About this exercise: Print out all of the records exactly; no picture belongs in the result.

Records for this task:

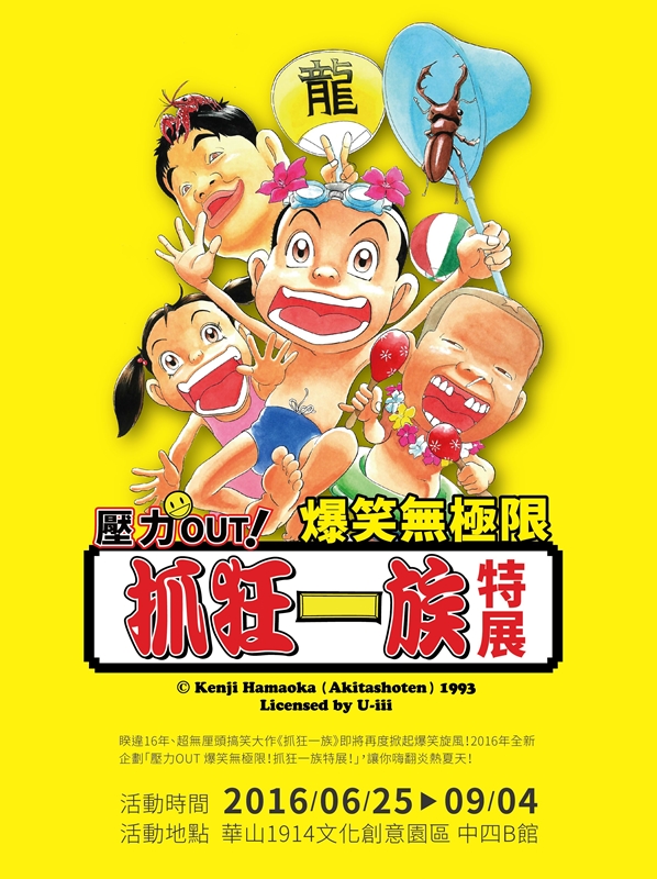 還記得精力無限的小鐵嗎?沈默寡言的阿仁嗎?《抓狂一族》漫畫作者浜岡賢次,為了世界首次的抓狂一族特展,特地為台灣粉絲們繪製經典角色的漫畫原稿跨海來台與粉絲展示,抓狂一族特展絕對要用最讓人瘋狂、爆笑噴飯角色,嗨翻整個整個夏天!喜愛抓狂一族的朋友請勿錯過這非常難得的機會。
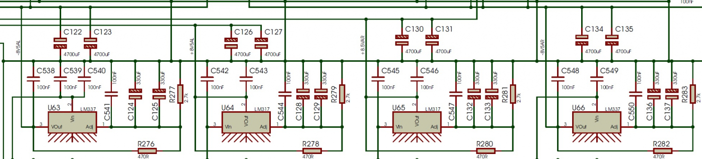 На нижний резистор r281 тоже навешали конских емкостей, для лм317 хватит 33-47мкф хорошего рубикона или кемет-тантал.
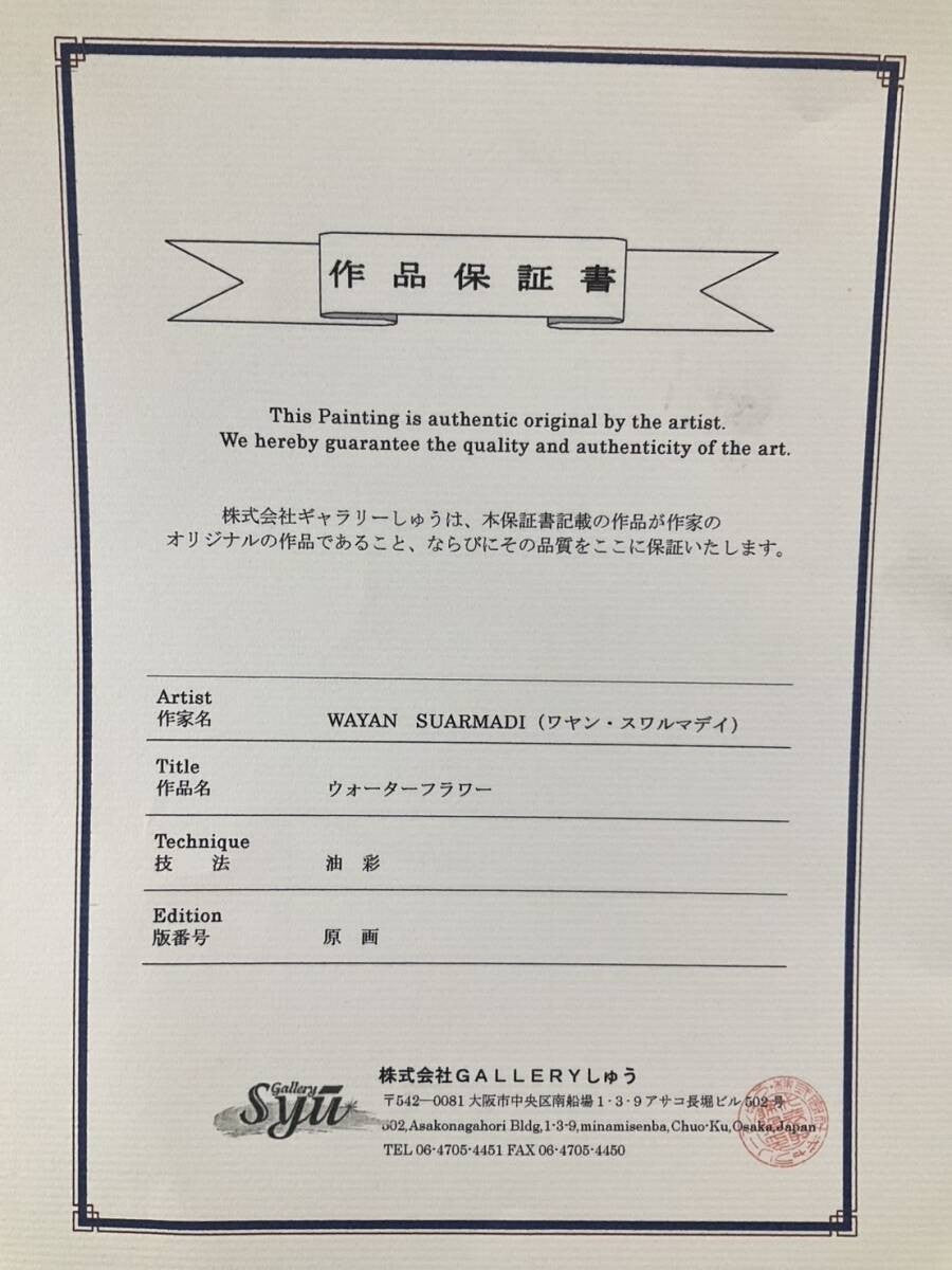 Wayan Suarmadi Oil Painting Water Flower 2001, Large Floral Landscape, Signed
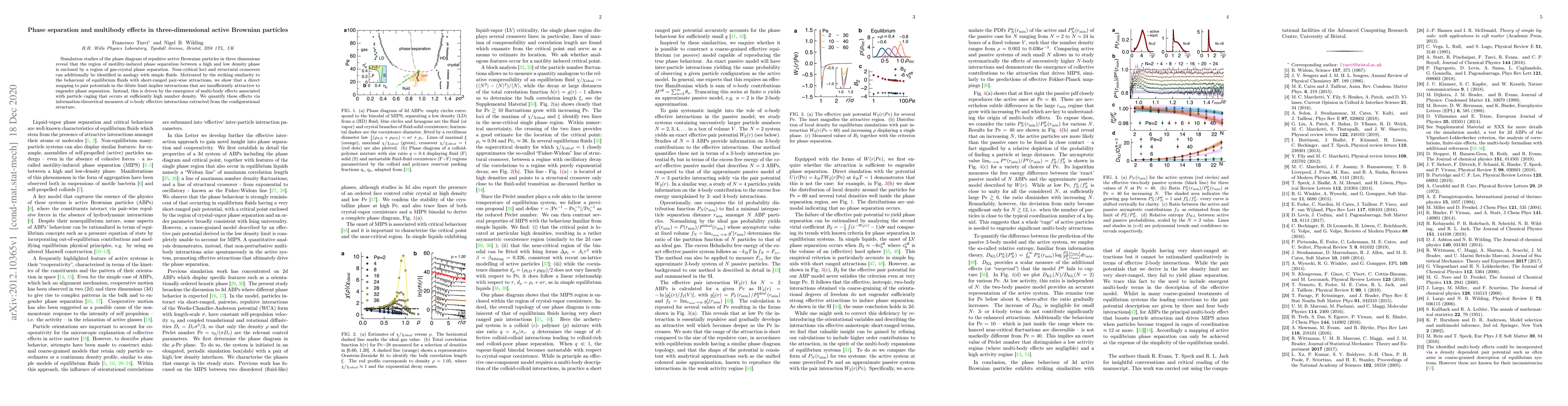 Simulation studies of the phase diagram of repulsive active Brownian particles in three dimensions reveal that the region of motility-induced phase separation between a high and low density phase is enclosed by a region of gas-crystal phase separation. Near-critical loci and structural crossovers can additionally be identified in analogy with simple fluids. Motivated by the striking similarity to the behaviour of equilibrium fluids with short-ranged pair-wise attractions, we show that a direct mapping to pair potentials in the dilute limit implies interactions that are insufficiently attractive to engender phase separation. Instead, this is driven by the emergence of multi-body effects associated with particle caging that occurs at sufficiently high number density. We quantify these effects via information-theoretical measures of $n$-body effective interactions extracted from the configurational structure.
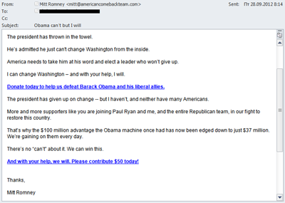 Im dritten Quartal 2012 beobachteten wir eine Vielzahl von Versendungen mit politischer Ausrichtung. Bis zu den amerikanischen Präsidentschaftswahlen am 6. November nahm ihre Zahl stetig zu. Auch die Menge von schädlichen Versendungen stieg an, die das Interesse der User an den Wahlen ausnutzen.
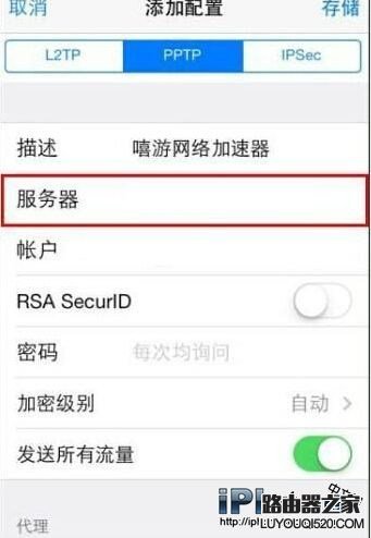 3、在添加VPN中選擇PPTP,點(diǎn)擊進(jìn)入,在“描述”欄中填入嘻游。在服務(wù)器欄中填入能夠使用得服務(wù)器地址:聯(lián)系QQ79490724獲得該服務(wù)器,在賬戶和密碼欄中填入嘻游用戶名和密碼。其他設(shè)置保持不變,然后點(diǎn)擊儲(chǔ)存,注意加密級(jí)別要選擇自動(dòng),不加密連接不上服務(wù)器。
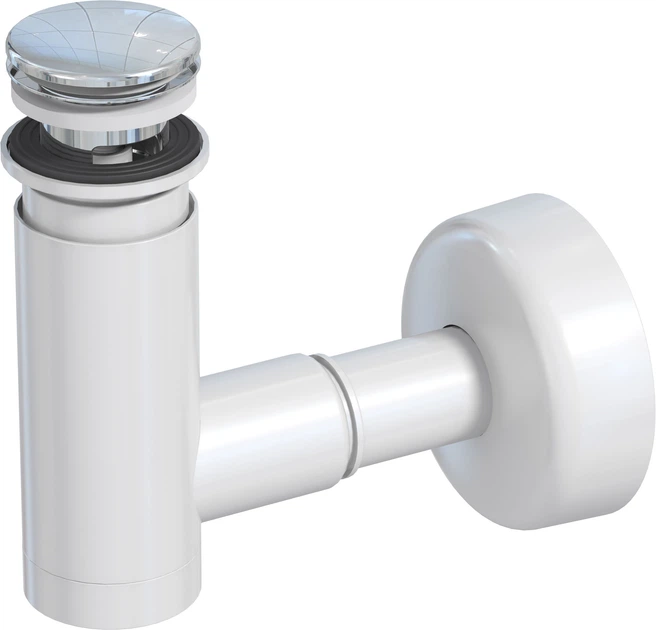 Сифон для умивальнику CERSANIT колбовий пластик впуск 1 1/4" випуск горизонтальний білий 000030341
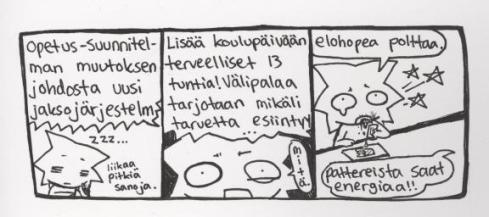 Eevin tulevaisuuden koulua käsittelevä sarjakuva:

Answer box:
 還記得精力無限的小鐵嗎?沈默寡言的阿仁嗎?《抓狂一族》漫畫作者浜岡賢次,為了世界首次的抓狂一族特展,特地為台灣粉絲們繪製經典角色的漫畫原稿跨海來台與粉絲展示,抓狂一族特展絕對要用最讓人瘋狂、爆笑噴飯角色,嗨翻整個整個夏天!喜愛抓狂一族的朋友請勿錯過這非常難得的機會。
 На нижний резистор r281 тоже навешали конских емкостей, для лм317 хватит 33-47мкф хорошего рубикона или кемет-тантал.
 Wayan Suarmadi Oil Painting Water Flower 2001, Large Floral Landscape, Signed
 Simulation studies of the phase diagram of repulsive active Brownian particles in three dimensions reveal that the region of motility-induced phase separation between a high and low density phase is enclosed by a region of gas-crystal phase separation. Near-critical loci and structural crossovers can additionally be identified in analogy with simple fluids. Motivated by the striking similarity to the behaviour of equilibrium fluids with short-ranged pair-wise attractions, we show that a direct mapping to pair potentials in the dilute limit implies interactions that are insufficiently attractive to engender phase separation. Instead, this is driven by the emergence of multi-body effects associated with particle caging that occurs at sufficiently high number density. We quantify these effects via information-theoretical measures of $n$-body effective interactions extracted from the configurational structure.
 Im dritten Quartal 2012 beobachteten wir eine Vielzahl von Versendungen mit politischer Ausrichtung. Bis zu den amerikanischen Präsidentschaftswahlen am 6. November nahm ihre Zahl stetig zu. Auch die Menge von schädlichen Versendungen stieg an, die das Interesse der User an den Wahlen ausnutzen.
 3、在添加VPN中選擇PPTP,點(diǎn)擊進(jìn)入,在“描述”欄中填入嘻游。在服務(wù)器欄中填入能夠使用得服務(wù)器地址:聯(lián)系QQ79490724獲得該服務(wù)器,在賬戶和密碼欄中填入嘻游用戶名和密碼。其他設(shè)置保持不變,然后點(diǎn)擊儲(chǔ)存,注意加密級(jí)別要選擇自動(dòng),不加密連接不上服務(wù)器。
 Сифон для умивальнику CERSANIT колбовий пластик впуск 1 1/4" випуск горизонтальний білий 000030341
 Eevin tulevaisuuden koulua käsittelevä sarjakuva:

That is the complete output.